The first thing you see is Kim's size, where Baseball Reference has him at 6'2 and around 210 pounds. He's a fairly stocky lefty that has the traditional Asian leg kick, MLB's new favorite timing mechanism. What stands out for Kim, in comparison to other Korean imports, is the sheer strength of his core transitioning from his base to his hands, which he uses as the major source of power. Hitting, a lot like pitching, is aimed to simplify towards less movement, making it easier to transform potential energy into kinetic. With Kim, you see a leg kick that doesn't jerk his head throwing off his base from a swing that is actually very simple.

Yes, that's a hanging curveball that he swats for a dinger, but it's a curveball that's about an inch off the inside corner. Even standing on top of the plate, Kim has very fast hands that allow him to recognize pitches for that split second longer needed to be a successful major-league hitter. In every clip I was able to find on Kim, the baseball came off his bat with some serious exit velocity, a testament to the forcible utilization of his hands and core. I know it's a stretch, but pre-pitch, he actually looks nearly identical to Jason Giambi.

When watching a baseball game, one of my favorite things to see is a hitter that has the ability and willingness to take the ball to the opposite field. On a 0-1 fastball, Kim swats a line drive home run to left field, and again, the incredible push of his hands to the baseball steals the show. Most often, hitting to the opposite field is seen as defensive. When, let's say, you're down to two strikes, you trade attacking for reacting, which tends to lead to more baseballs hit to the inverse side of the field. Here, Kim sees a well-placed 88 MPH fastball on the outside corner and punishes what really isn't that bad of a pitch. All in all, you have a guy that mixes hitting savvy with tremendously fierce hand-eye coordination, two skills that can make him a respectable hitter in the U.S.

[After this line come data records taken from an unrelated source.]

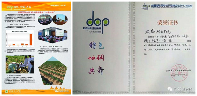 為了進(jìn)一步推進(jìn)優(yōu)質(zhì)高職院校設(shè)施農(nóng)業(yè)與裝備專業(yè)項(xiàng)目組的建設(shè)進(jìn)程,我系積極組織教師學(xué)習(xí)新的教育教學(xué)理念和教學(xué)方法,積極推行專業(yè)人才培養(yǎng)模式、教學(xué)方法、實(shí)踐教學(xué)等的改革。在11月全國(guó)高職高專校長(zhǎng)聯(lián)系會(huì)議教學(xué)成果展中,我系選送的“拓展國(guó)際合作,校企攜手服務(wù)‘一帶一路’”教學(xué)成果案例當(dāng)選為全國(guó)教學(xué)成果優(yōu)秀案例,該案例是甘肅省2017年全國(guó)高職高專校長(zhǎng)聯(lián)席會(huì)議教學(xué)成果展中唯一獲獎(jiǎng)的案例,是我系扎實(shí)推進(jìn)優(yōu)質(zhì)高職院校建設(shè)的重大成果。
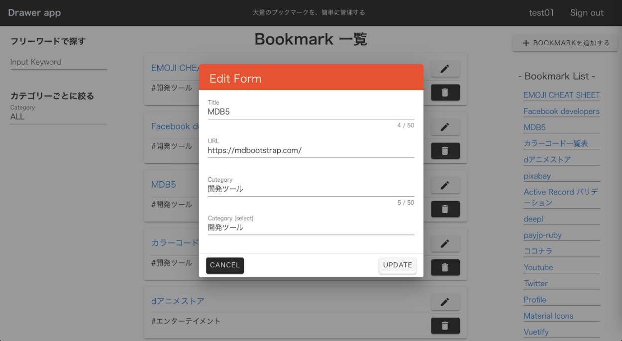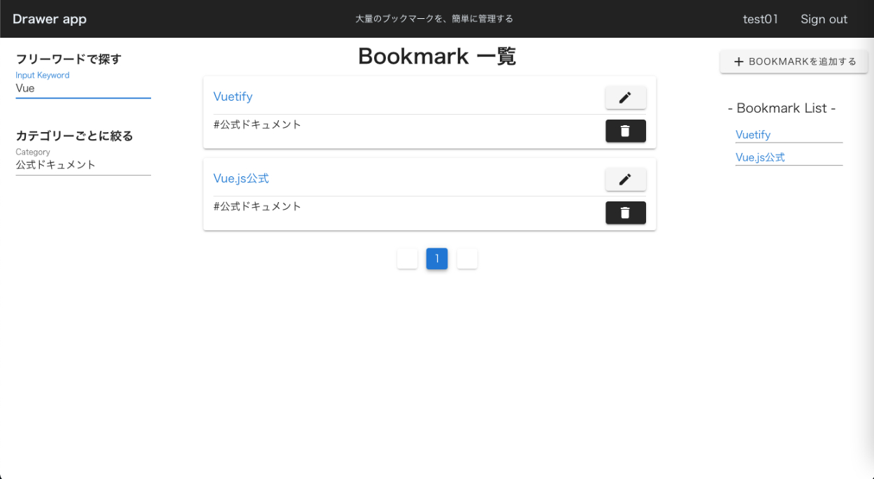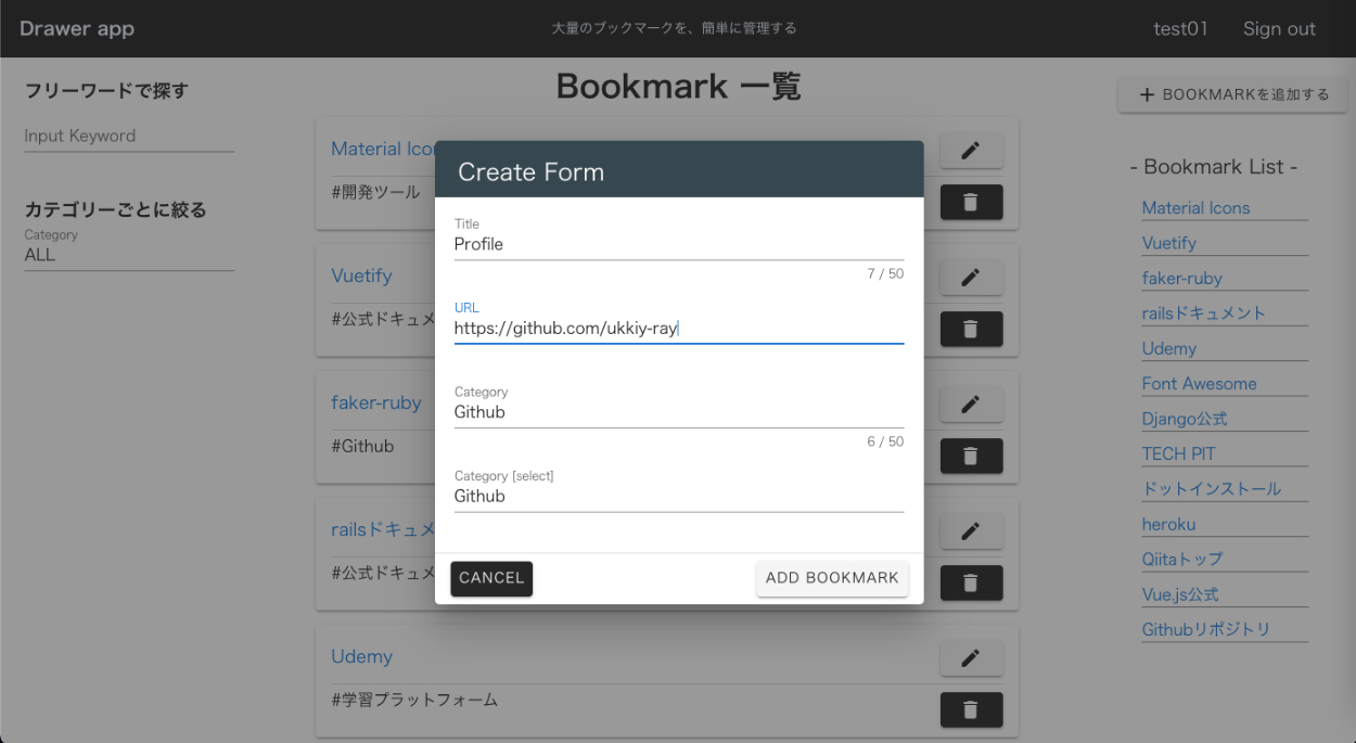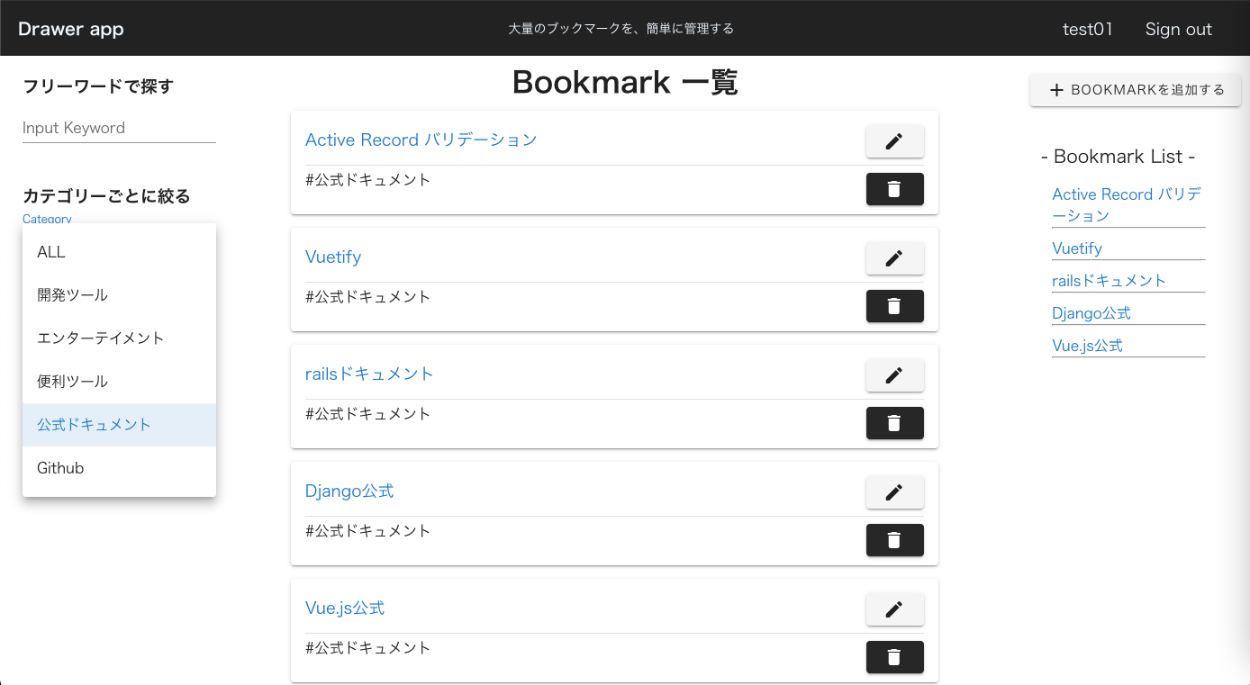 ネット上のwebサイトのリンクをブックマークとして簡単にカテゴライズして保存し、速やかな検索を実現し作業効率の向上を目指して開発した、シングルページアプリケーションです。
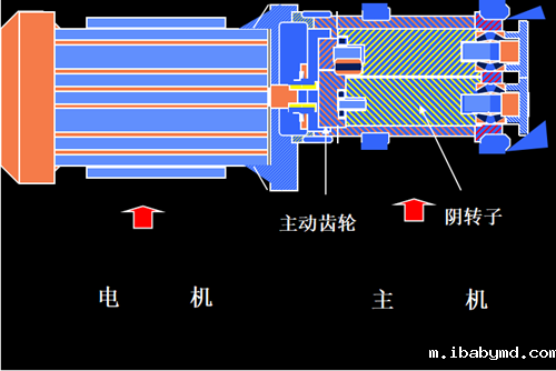 2. 阴、阳转子分别通过各自的从动齿轮与电机驱动的主动齿轮相互啮合,从而传递转矩。
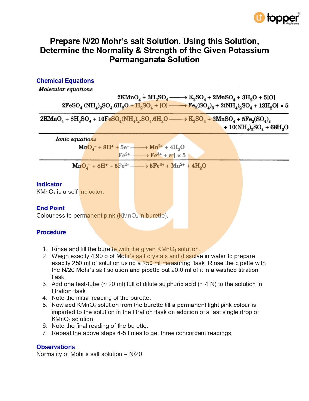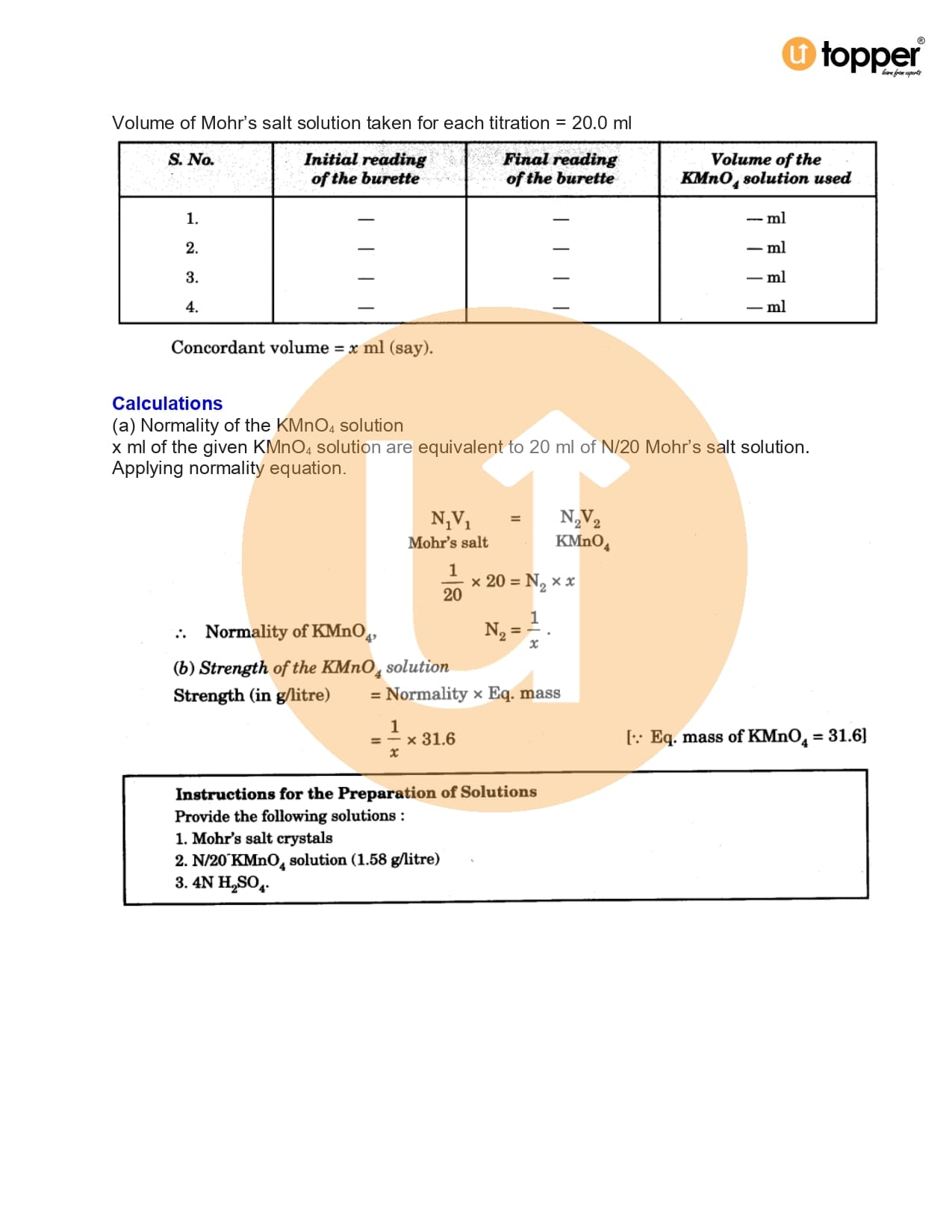 - Exp-11.15 : Prepare N/20 Mohr’s salt solution. Using this solution, determine the normality and strength of the given potassium permanganate solution.
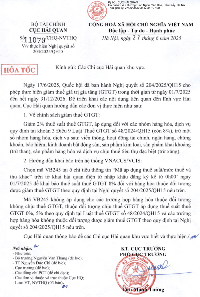 Chọn mã VB245 tại ô chỉ tiêu thông tin “Mã áp dụng thuế suất/mức thuế và thu khác” trên tờ khai hải quan điện từ nhập khẩu đăng ký kể từ 0h00′ ngày 01/7/2025 để khai báo thuế suất thuế GTGT 8% đối với hàng hóa thuộc đối tượng được giảm thuế GTGT theo quy định tại Nghị quyết số 204/2025/QH15 nêu trên.
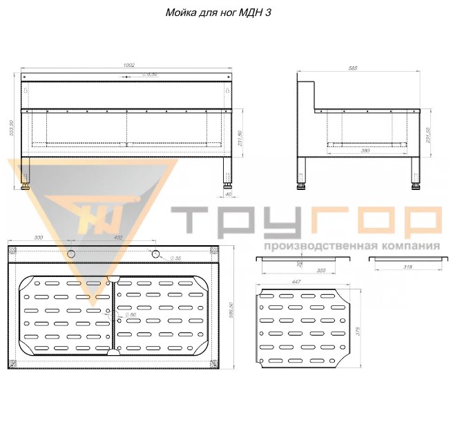 Мойка для ног двухместная со съемными решетками из нержавеющей стали предназначена для установки в санитарных или бытовых помещениях.
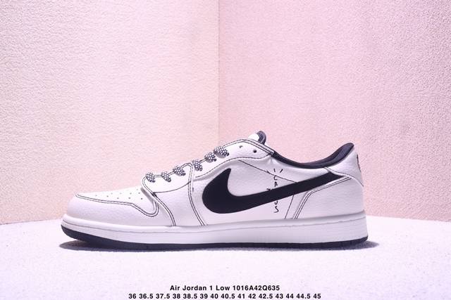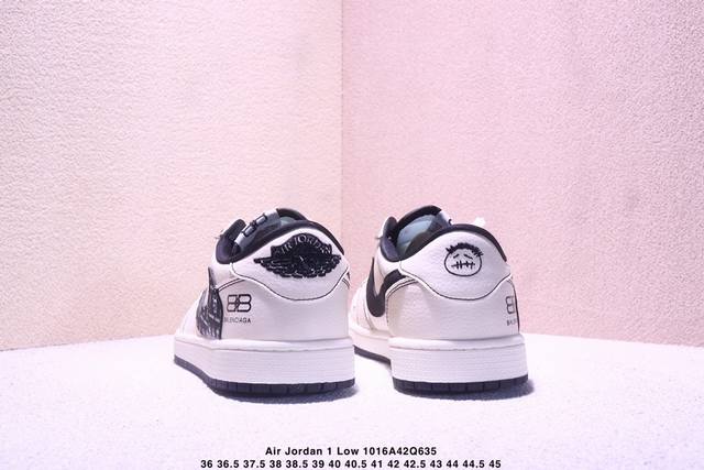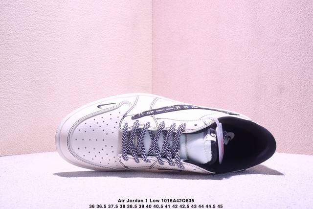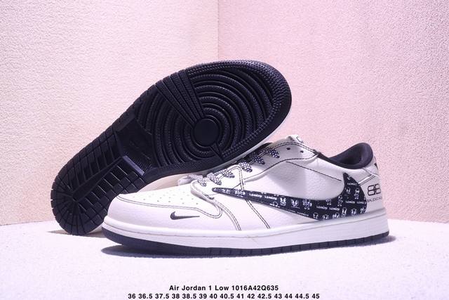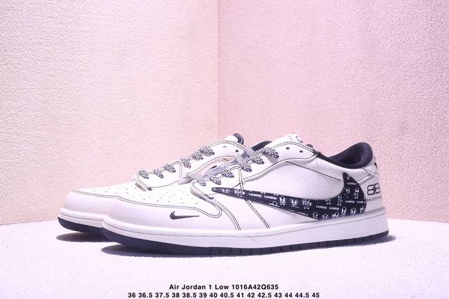 Limited release of overseas hot item! High-end custom Travis Scott X Fragment Design X Jordan Air Jordan 1 Low Og Sp "Balenciaga Collaboration - Off-white Black Swoosh Paris Print" High-end custom reverse swoosh three-way collaboration low-top basketball shoes
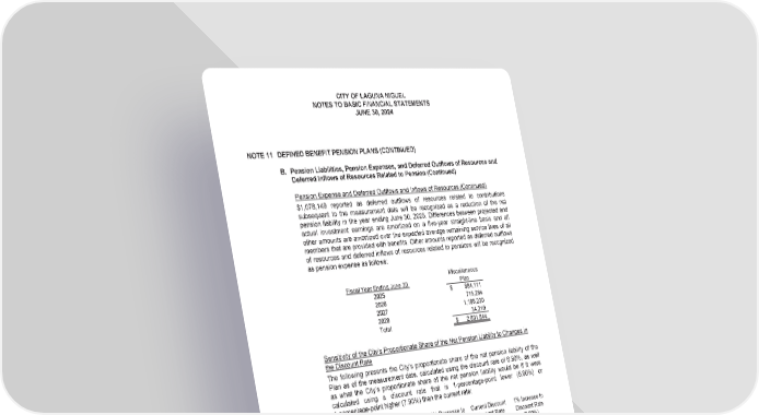 CITY OF LAGUNA NIGUEL NOTES TO BASIC FINANCIAL STATEMENTS JUNE 30, 2024 NOTE 11 DEFINED BENEFIT PENSION PLANS (CONTINUED) B. Pension Liabilities, Pension Expenses, and Deferred Outflows of Resources and Deferred Inflows of Resources Related to Pension (Continued) Pension Expense and Deferred Outflows and Inflows of Resources (Continued) $1,078,149 reported as deferred outflows of resources related to contributions subsequent to the measurement date will be recognized as a reduction of the net pension liability in the year ending June 30, 2025. Differences between projected and actual investment earnings are amortized on a five-year straight-line basis and all other amounts are amortized over the expected average remaining service lives of all members that are provided with benefits. Other amounts reported as deferred outflows of resources and deferred inflows of resources related to pensions will be recognized as pension expense as follows: Miscellaneous Fiscal Year Ending June 30, Plan 2025 $ 884,111 2026 715,284 2027 1,168,230 2028 34,219 Total $ 2,801,844 Sensitivity of the City’s Proportionate Share of the Net Pension Liability to Changes in the Discount Rate The following presents the City’s proportionate share of the net pension liability of the Plan as of the measurement date, calculated using the discount rate of 6.90%, as well as what the City’s proportionate share of the net pension liability would be if it were calculated using a discount rate that is 1-percentage-point lower (5.90%) or 1-percentage-point higher (7.90%) than the current rate: 1% Decrease to Current Discount 1% Increase to Discount Rate Discount Rate Discount Rate (5.90%) (6.90%) (7.90%) Plan's Net Pension Liability (Asset) $ 13,892,108 $ 7,365,509 $ 1,993,558 Pension Plan Fiduciary Net Position Detailed information about the plan’s fiduciary net position is available in the separately issued CalPERS’ financial report and can be obtained from CalPERS’ website under Forms and Publications. Payable to the Pension Plan At June 30, 2024, the City had no outstanding amount of contributions to the miscellaneous cost-sharing pension plans required for the year ended June 30, 2024. (67)

Yeah, that's a pretty sweet catch, but Kim is obviously not the most fleet of foot in the outfield. I would imagine he's nothing more than an average defensive outfielder, meaning his production at the plate is where the Orioles, or another organization, will pin his value.

As the O's are in the market to upgrade the outfield, the potential acquisition of Kim would allow the Orioles to upgrade one of the corner positions at a bargain value, while still having enough cash to chase someone such as Justin Upton or even another starting pitcher. Kim's put in nine extremely fruitful seasons in Korea, and though it isn't ideal to try to diagnose his possibilities on videos that are two years old, it isn't tough to understand what the Orioles see, however.

And c'mon, he's the Korean "Iron Man". That's no coincidence.